- WORK REQUEST
Return the complete listing exactly as it reads, with each picture removed.

- SUPPLIED DATA

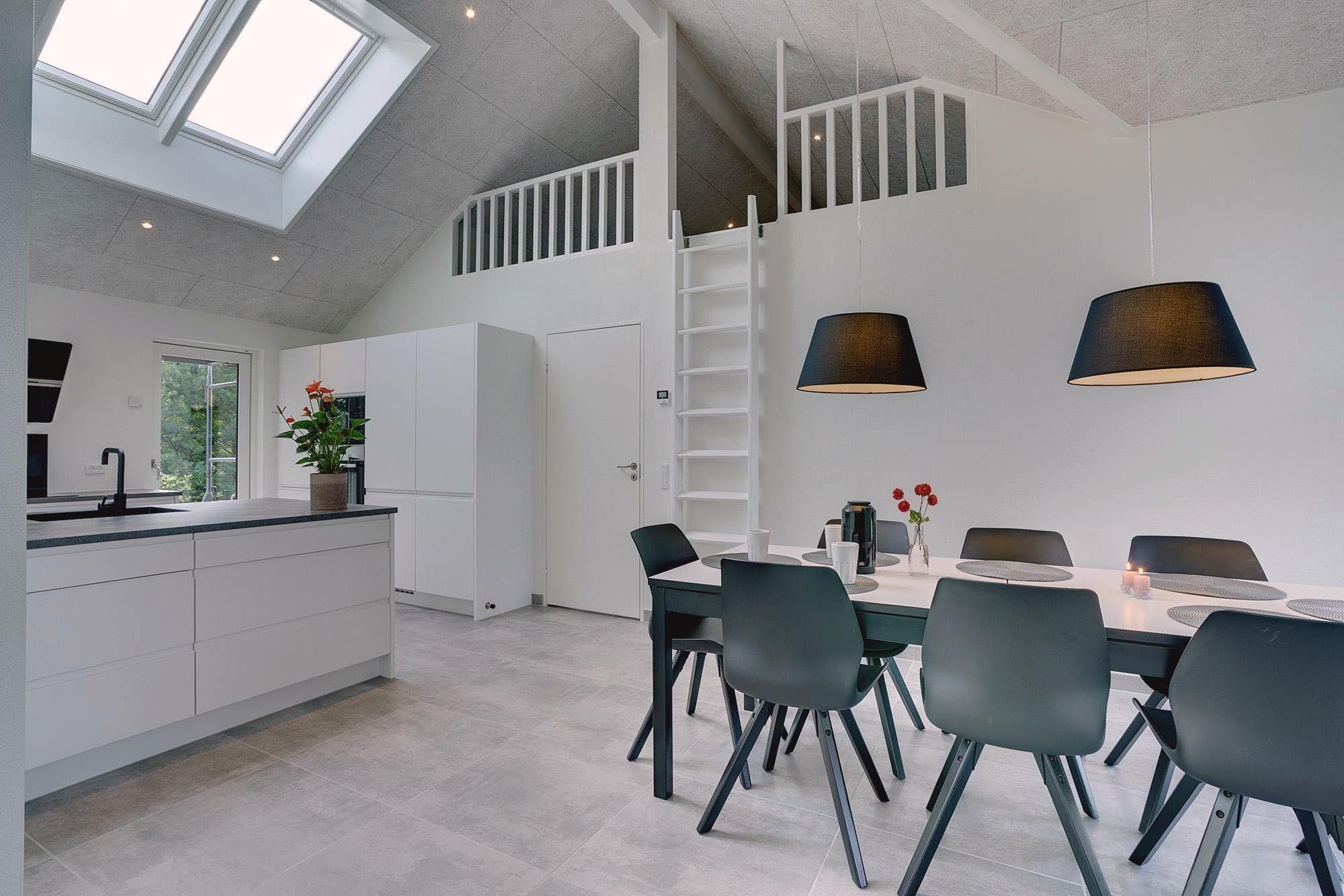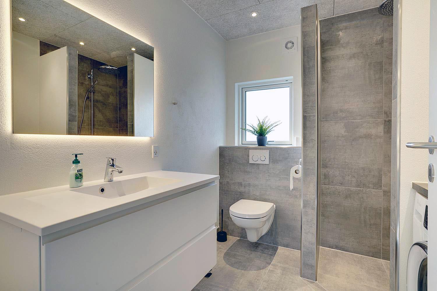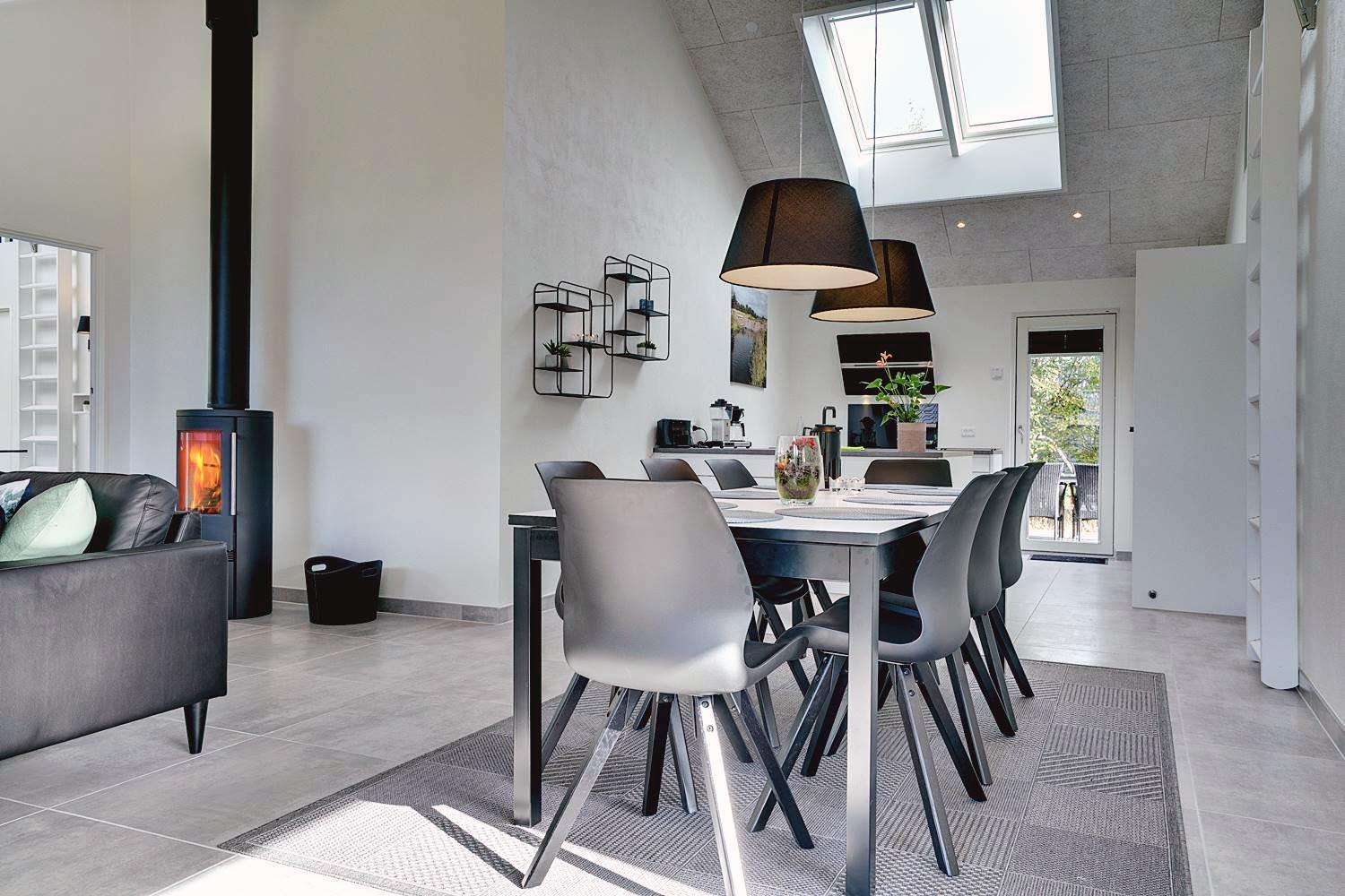 Stort køkken kombineret med spiseplads og opholdsstue med brændeovn og varmepumpe - et vand til luft anlæg sørger for godt indeklima og en reduceret strømregning. Overalt er her gulvvarme. Dejligt indgangsparti med bryggers.
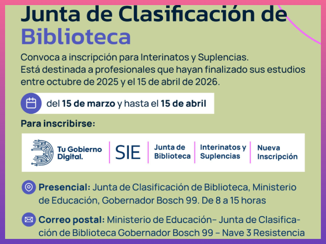 CHACO: Educación: Abren Inscripción Extraordinaria Para Interinatos Y Suplencias De Docentes Bibliotecarios
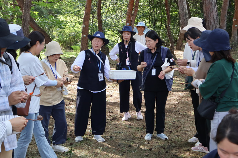 교육은 내포 사색길 입구에서 가벼운 체조로 몸과 마음을 열며 시작되었다. 이어 참가자들은 코스를 나누어 소그룹 활동을 진행하며 숲 속 식물과 자연물에 대해 배우고, 이를 활용한 다양한 오감 놀이 방법을 탐색하였다.

- ANSWER TO THE PROBLEM
 Stort køkken kombineret med spiseplads og opholdsstue med brændeovn og varmepumpe - et vand til luft anlæg sørger for godt indeklima og en reduceret strømregning. Overalt er her gulvvarme. Dejligt indgangsparti med bryggers.
 CHACO: Educación: Abren Inscripción Extraordinaria Para Interinatos Y Suplencias De Docentes Bibliotecarios
 교육은 내포 사색길 입구에서 가벼운 체조로 몸과 마음을 열며 시작되었다. 이어 참가자들은 코스를 나누어 소그룹 활동을 진행하며 숲 속 식물과 자연물에 대해 배우고, 이를 활용한 다양한 오감 놀이 방법을 탐색하였다.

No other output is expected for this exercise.